Sure enough, in Risk Quantum’s quarterly round-up of VAR backtesting performance, a few names have been recurring: Huntington Bancshares and HSBC North America have been repeat overshooters. But names like JP Morgan have also popped up more than once in the past year.
Of course, in the eyes of supervisors, the size of any miscalculation is a major factor. While overshoots at JP Morgan and Huntington may be the same proportionally, the sheer mass of a trading loss at the former poses higher risk of systemic reverberations. As of Q4, Huntington’s consolidated VAR averaged all of $586,000.
And this should all, by now, be moot.

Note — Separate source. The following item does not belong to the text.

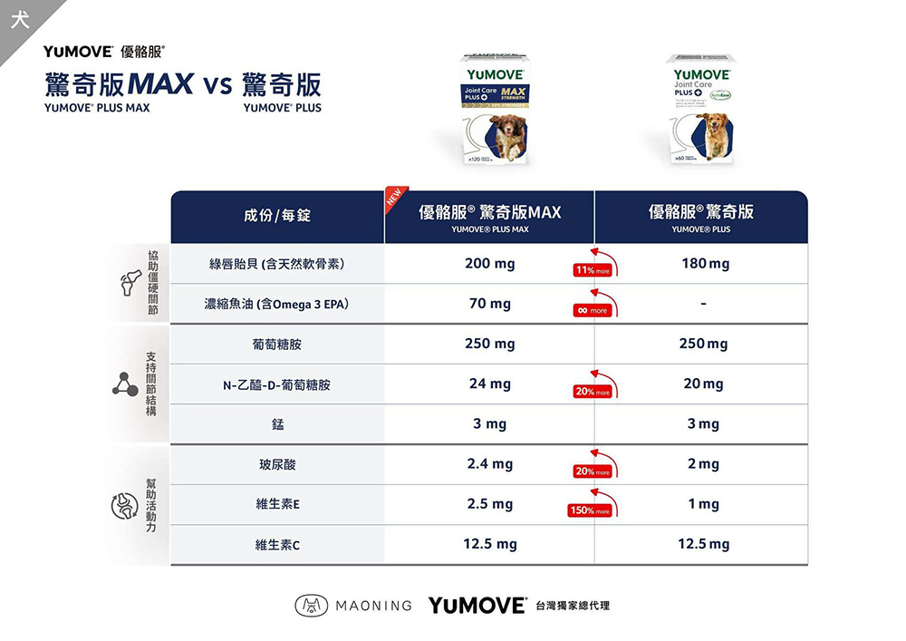 | 成分 | 葡萄糖胺HCl*(29.98%)、綠唇貽貝粉*(22.8%)︑魚粉*、濃縮魚油(7.97%)︑N-乙醯-D-葡萄糖胺*(2.7%)、硬脂酸鎂、玻尿酸*(0.27%)、精製葵花籽油*。 註:*天然成分。 |

Under global regulatory plans, VAR-based capital requirement models were due for retirement, as the Fundamental Review of Trading Book – the market and counterparty credit risk component of the Basel III reforms – replaced them with a framework based on expected shortfalls. But, thanks to delays and outright dithering in implementing FRTB, the models’ useful lifetime has been forcibly prolonged.
With volatility once more throwing its weight around, dealers will need to use every VAR overshoot as a chance to refine and repair their algorithms.